With their preseason opener at Charlotte just 24 hours away, the Wizards wrapped Saturday's practice working on last second plays. The specific instructions from Coach Randy Wittman and his staff of when to cut or who receives the pass and where came without a defensive presence on the court. Just five offensive players learning the movements, the play designs, each other.

With only five days to get the undermanned and still learning the playbook team ready for its first live action, the focus for Wittman during training camp has been on his squad, not any other.

"Pretty much just leading up to the last couple of preseason games you're really just concentrating on yourself." Wittman said inside the Patriot Center on the campus of George Mason University. "We're really not doing scouting reports on the teams we're playing or anything of that nature like a regular season. I want these guys to concentrate on us and the things we want to do."

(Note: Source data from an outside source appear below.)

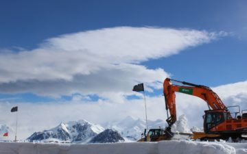 A team from BAM has started to clear several hundred thousand tonnes of snow accumulated over the Antarctic Winter from all access routes and construction areas on station. Snow drifts are 4m high in some areas of station. The remaining construction team arrives later this month following a three and a half week journey onboard the RRS Sir David Attenborough.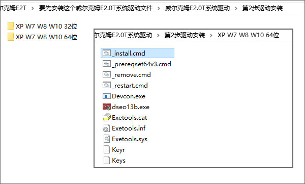 3、再打开【第2部驱动安装】,根据您的系统来选择32位的还是64位的文件夹,然后双击打开install文件;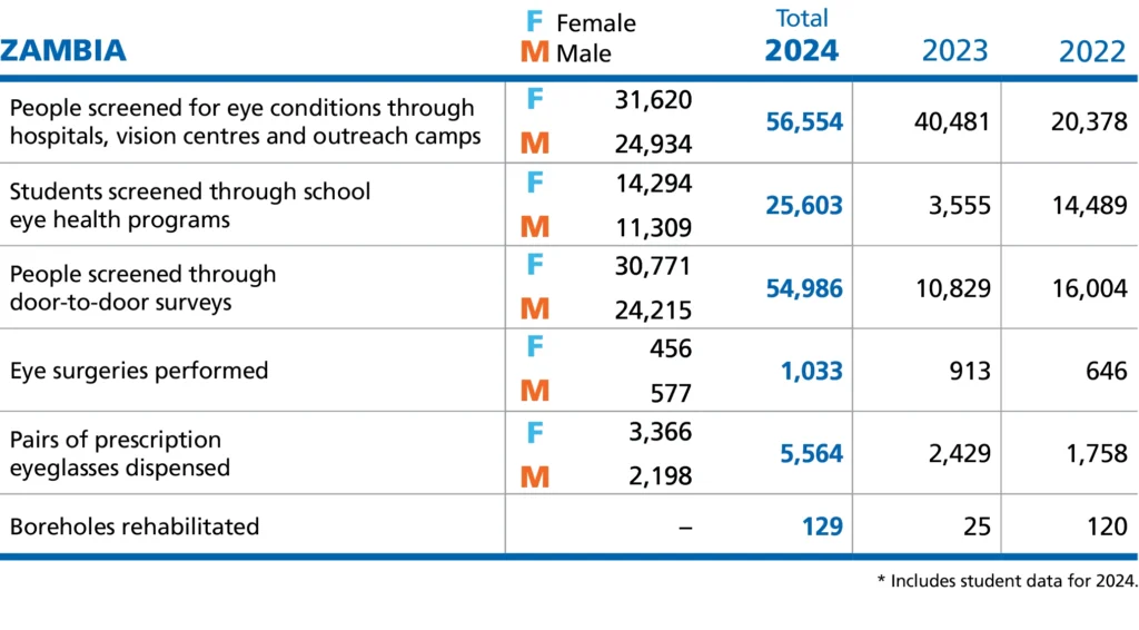 Our disease control programs saw us screen 40 per cent more people through hospitals, vision centres and outreach camps than in 2023. We also dispensed more eyeglasses than in 2023, due to school eye health programs in Lusaka, Mkushi and Kapiri Mposhi. We provided access to clean water to 59,406 people in Kapiri Mposhi and 70,420 in Mkushi by rehabilitating 129 boreholes at schools, health centres and community water points.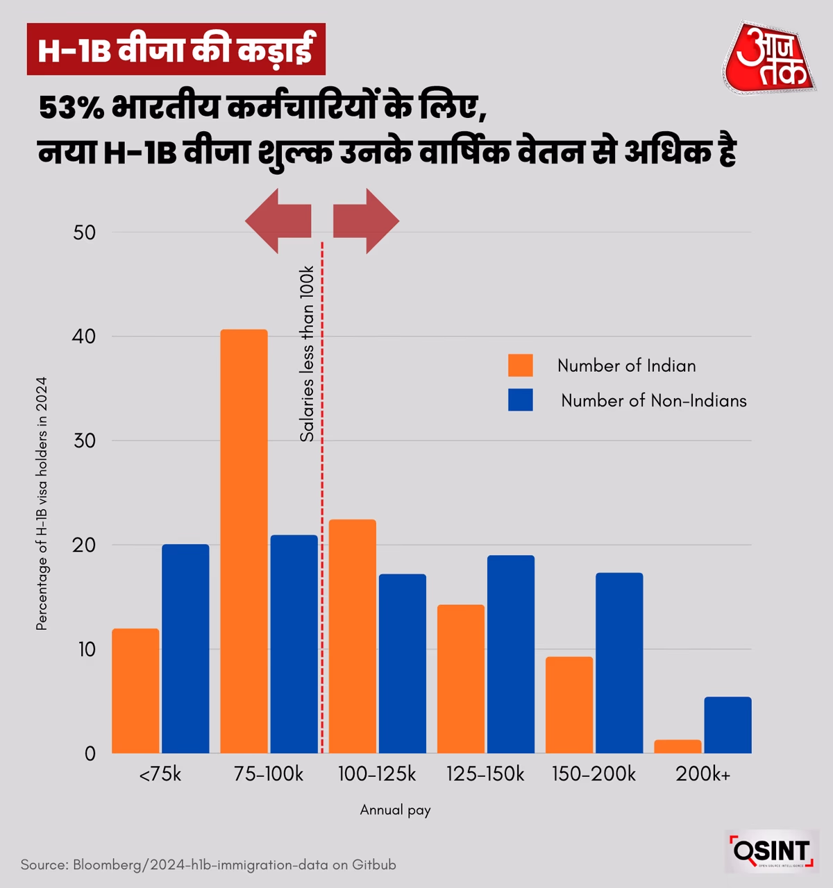To understand the impact on Indian H-1B visa holders, India Today analyzed Bloomberg's open data on 2024's H-1B applications. This data, collected during investigations of Indian overseas employment agencies, contained agency records and employment contracts before being released as open data.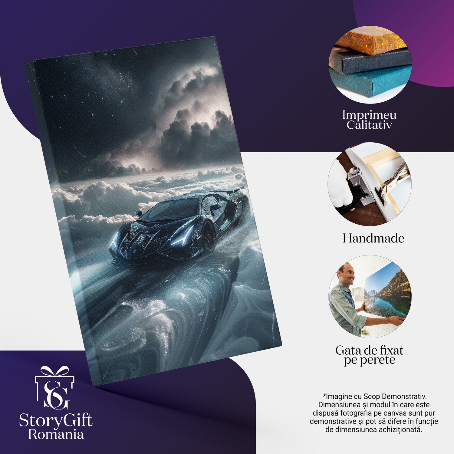 Tablou Canvas: Aproape de Astre Automobilul Sport in Norii Noptii Ploaie de Stele Stralucitoare Pictura Digitala - Tablou Canvas Signature de la StoryGift Romania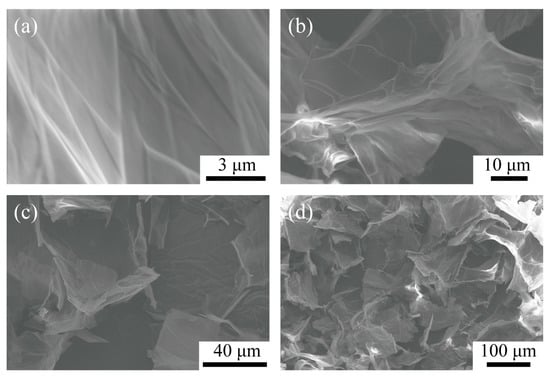 SEM images of CAG-GO20%. (a) Magnify 30,000 times. (b) Magnify 7000 times. (c) Magnify 2500 times. (d) Magnify 680 times.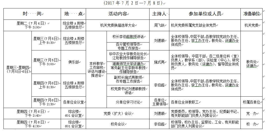 2016-2017学年第二学期第20周会议安排表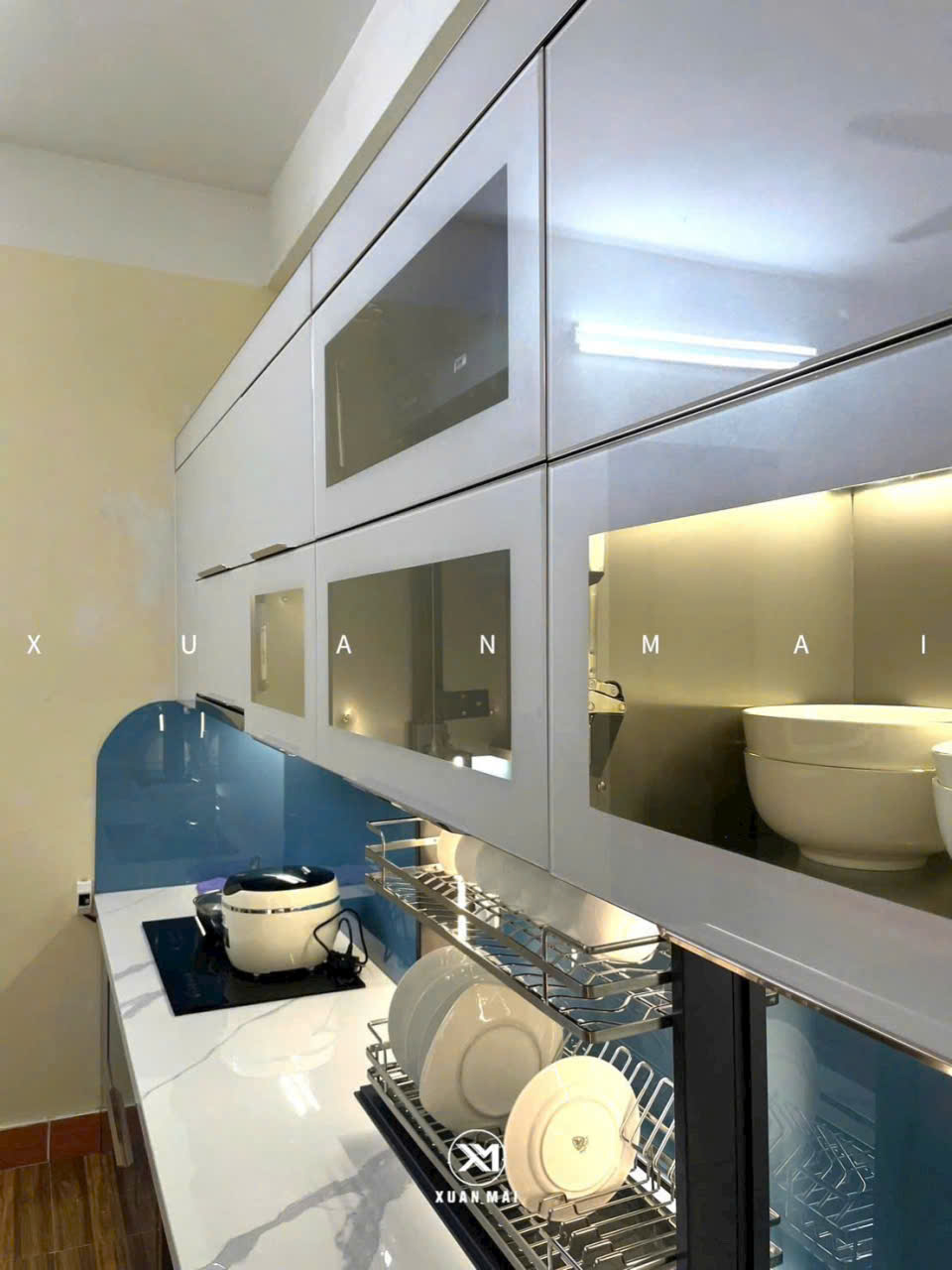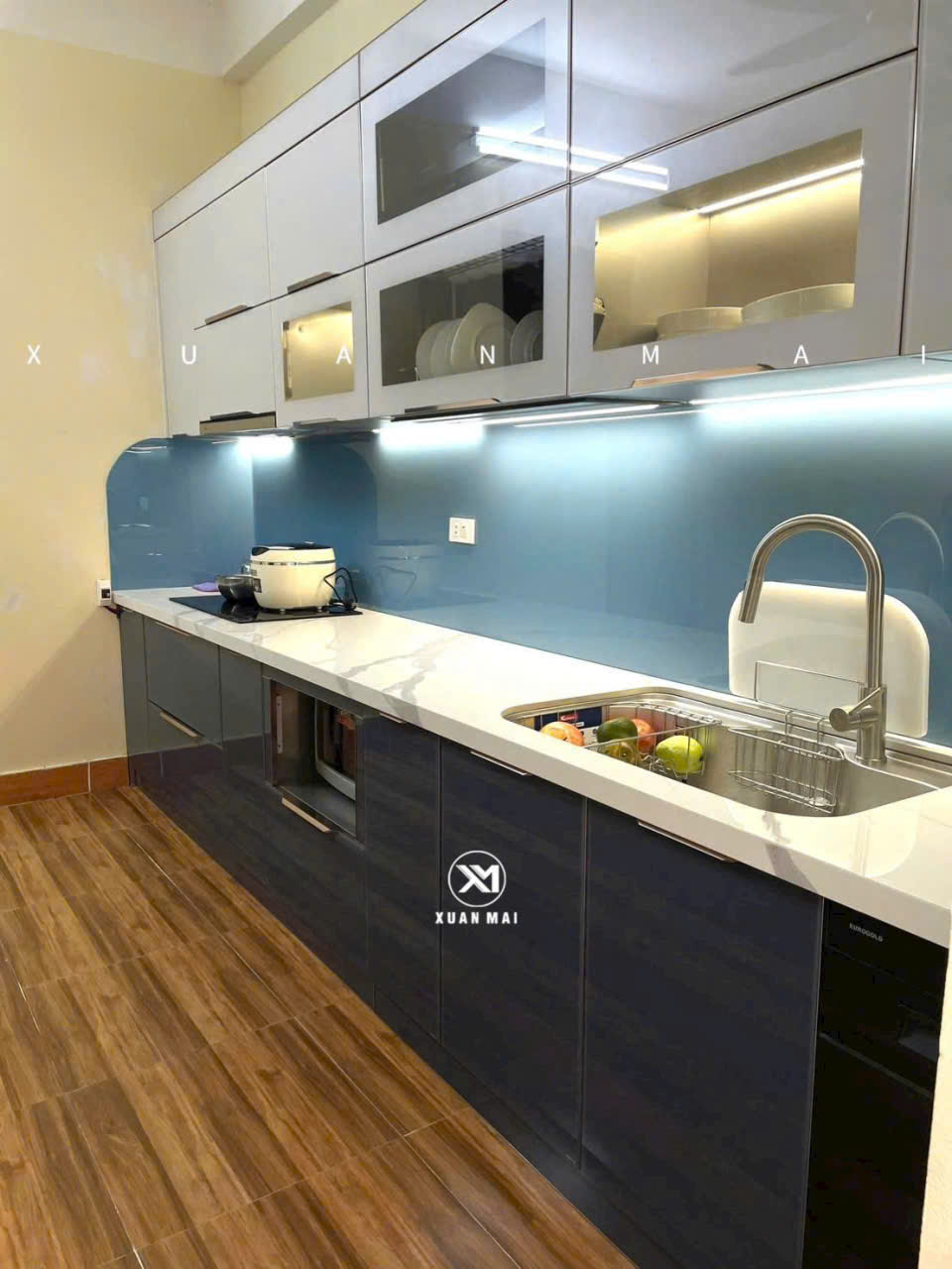 Nội thất Xuân Mai xin phép được giới thiệu đến bạn mẫu tủ bếp inox cánh kính cường lực được Xuân Mai bàn giao cho gia đình Chú Nhận – Hà Đông .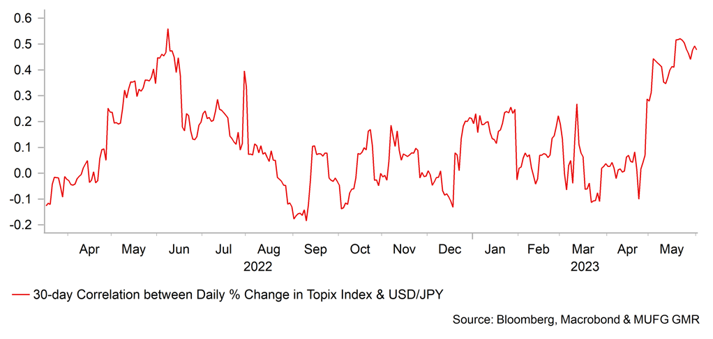 The sense that this time could be different is certainly building in Japan. Foreign investors are buying Japan equities aggressively – buying JPY 7 trillion in just seven weeks. Broader inflation pressures may not slow in H2 as the BoJ expects and the signs of resistance to JPY selling could build further from here. With the Fed set to pause in June, we see limited scope for USD/JPY to move higher from here.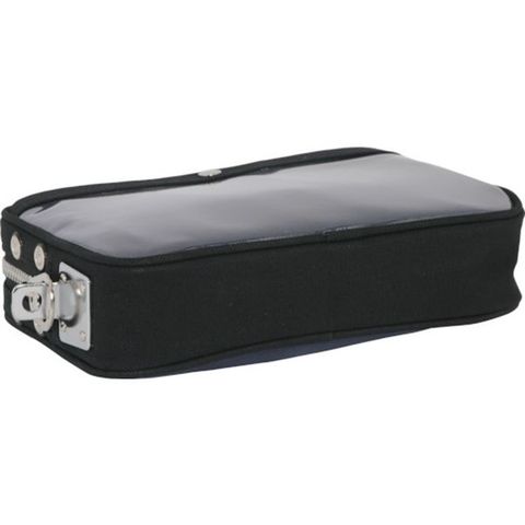 ・擦り切れに強く、耐久性に優れた帆布生地を使用したポーチです。・南京錠で施錠可能な金具の付いたタイプです。・片面に宅配伝票用透明ポケットが付いているので梱包無しでそのまま配送することができます。・A4用紙サイズまで入れられる大型ポーチです。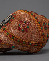 This magnificent piece is handcrafted on a copper body and then plated with 24k gold for a kingly and luxurious appearance. The gemstones are embedded into the piece to add beauty and elegance, and the addition of dzi beads enhances the piece's spiritual significance. Dzi beads are believed to have protective and healing properties in Tibetan culture and are frequently worn as a form of spiritual adornment. This piece's gemstones and dzi beads combine to form a powerful symbol of protection, healing, and spiritual connection.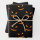 Cool scary Jack O'Lantern face Halloween pattern Wrapping Paper Sheets. Evil looking orange and yellow burning Pumpkin face on black Halloween Party Supplies Gift Wrap.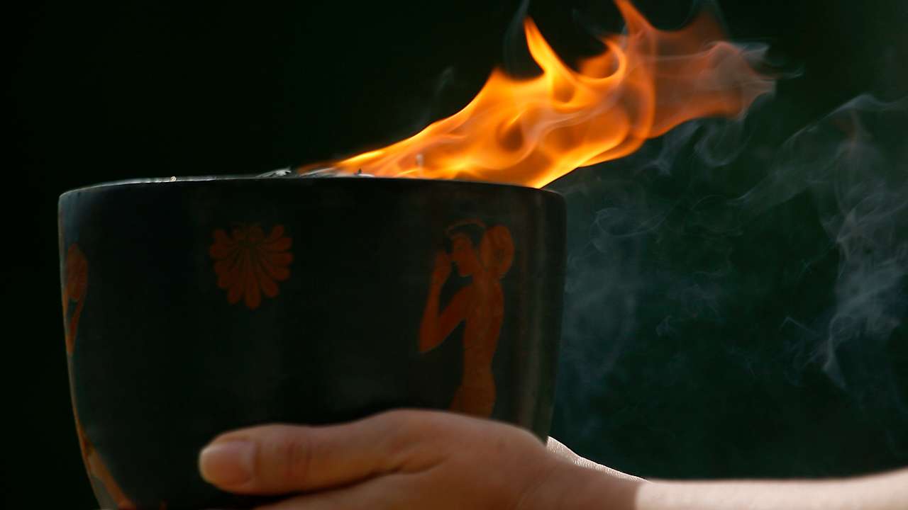 Cloudy skies prevented the traditional lighting, when an actress dressed as an ancient Greek priestess uses the sun to ignite a silver torch.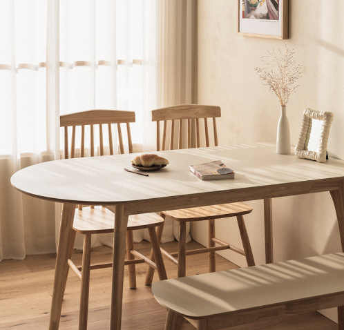 레트로하우스 크리미 화이트식탁 원목 식탁테이블 반타원 테이블 1200은 어떤 공간이든 잘 어울리는 내추럴 화이트 식탁으로 밝고 화사한 공간을 만들어주며, 자작나무 원목에 HPM 표면마감을 하여 생활 스크래치, 뜨거운 냄비, 김치나 카레 흘림 등 화이트 식탁의 관리 걱정을 줄여줍니다. 가공된 MDF가 아닌 고무나무 천연 원목 프레임으로 안정감 있고 견고하게 사용할 수 있습니다.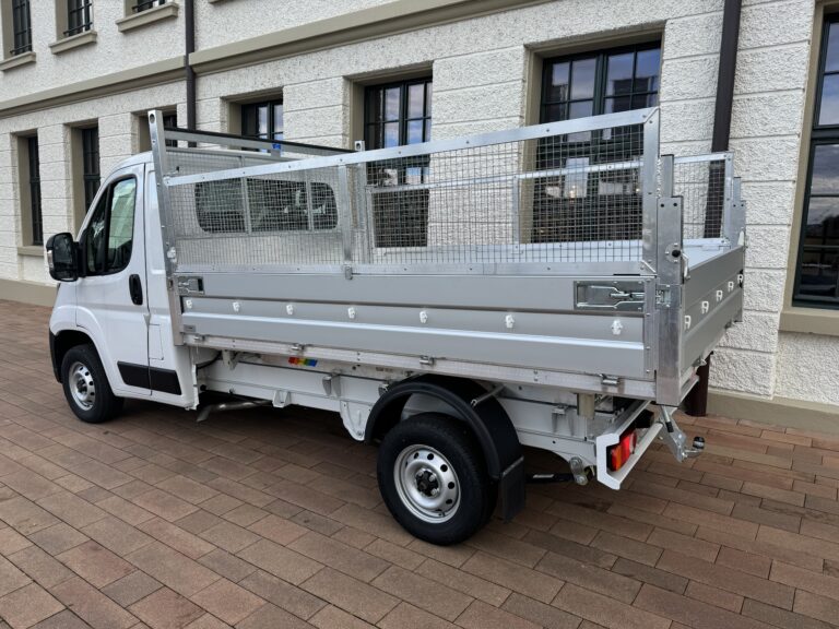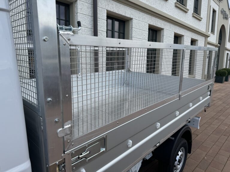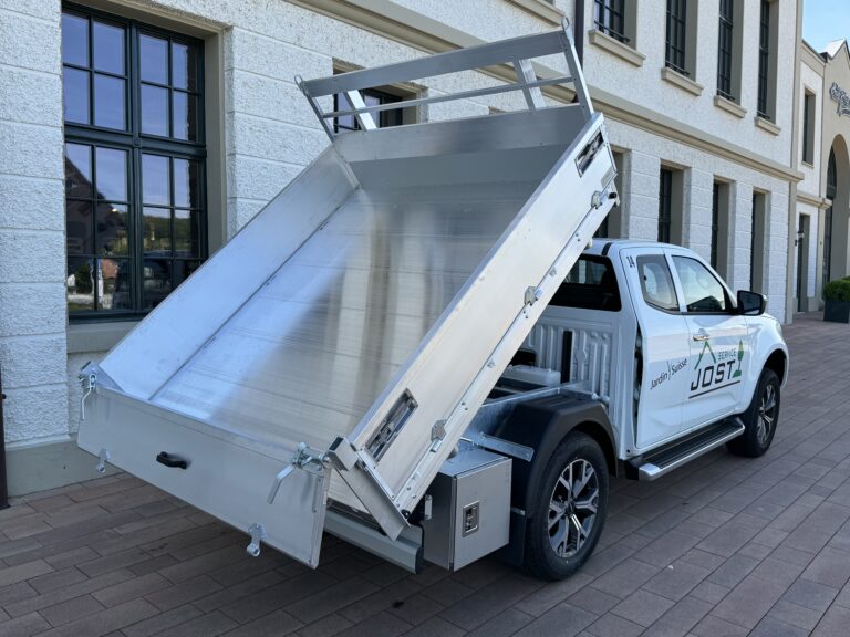 Nach hinten, rechts oder links – unsere 3-Seitenkipper bieten Ihnen grösste Flexibilität bei maximaler Sicherheit und Solidität. Dabei sind Ausführungen mit unterschiedlichem Zubehör wie Stangenträger, Binderinge und Werkzeugkisten machbar. Die Befestigungshaken für Transportnetze werden aussen montiert und sind Standard. Die Stirnwand überragt die Kabine um ca. 50 mm und ein Gitter im Fensterbereich sorgt für mehr Sicherheit. Je nach Fahrzeugmarke und -modell nehmen wir auch eine Chassis-Verstärkung vor.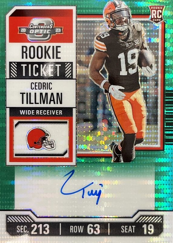 2023 Contenders Optic Cedric Tillman Green Pulsar Rookie Ticket RPS Auto #13/30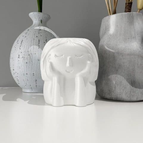 A unique mold with a girl design with face, mouth and lip for candle or vase.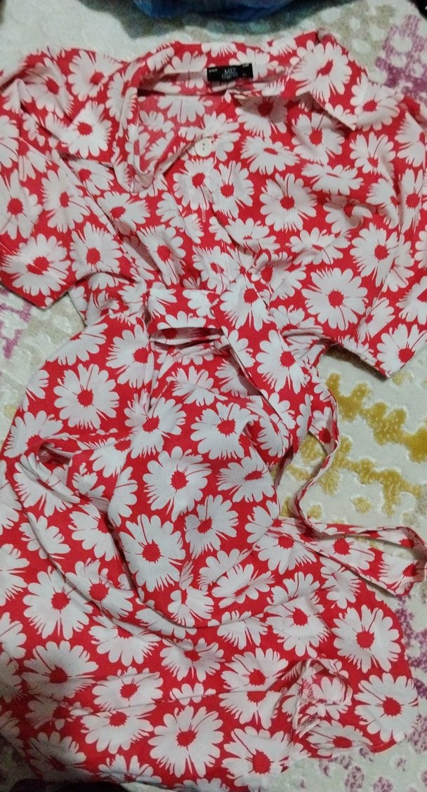 Renkli kırmızı çiçek desenli, strappy kollu, kayık yaka ve dizin altında, dar değil bol kesim bir elbise.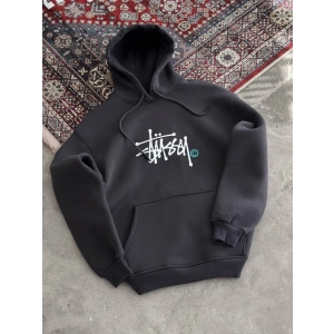 ÜÇ İPLİK KAPŞONLU BASKILI SWEATSHİRT - SİYAH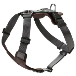 Dit tuig heeft een eenvoudig, maar zeer functioneel ontwerp; ideaal voor het dagelijks leven, maar ook voor trainingen en diverse sportactiviteiten. Je klikt je riem of rollijn vast aan de D-ring op de rug van je hond. De nylon-leer combinatie is makkelijk in onderhoud, het beste van twee werelden! Bij geverfd leer kan er een lichte verkleuring optreden.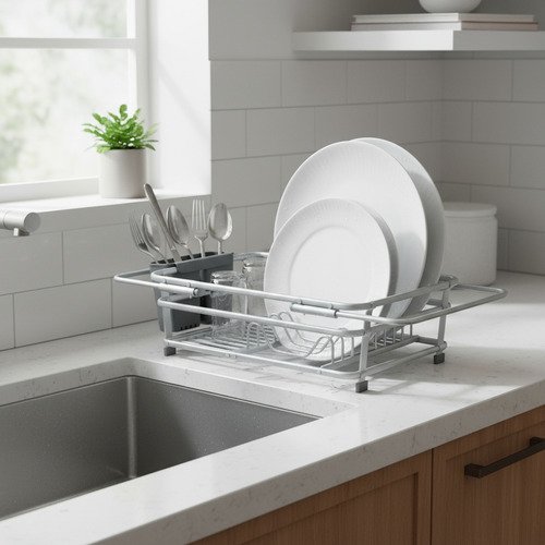 • Escurridor de platos Premium, fabricado con estructura de aluminio liviano y resistente al óxido y la humedad.

For "right now it's about the little things," Wittman said. "The big picture starts when the season starts obviously. Right now, it's a step of building. We've got a lot of new faces that have no idea what we're doing. The guys that were here have a little idea because we are doing a lot of things that are different from what we did last year too. It's a balancing act of how fast and quickly we can go."

The Wizards won't be as fast without the injured John Wall or as powerful with Nene (plantar fasciitis) also watching action from side, but mentally the available players have impressed their coach.

"The thing that I've liked about these guys so far is that our basketball IQ is pretty high. They've been able to retain things pretty quickly. Now are they going to be able to retain them come game time? That's the stuff we have to work on tomorrow."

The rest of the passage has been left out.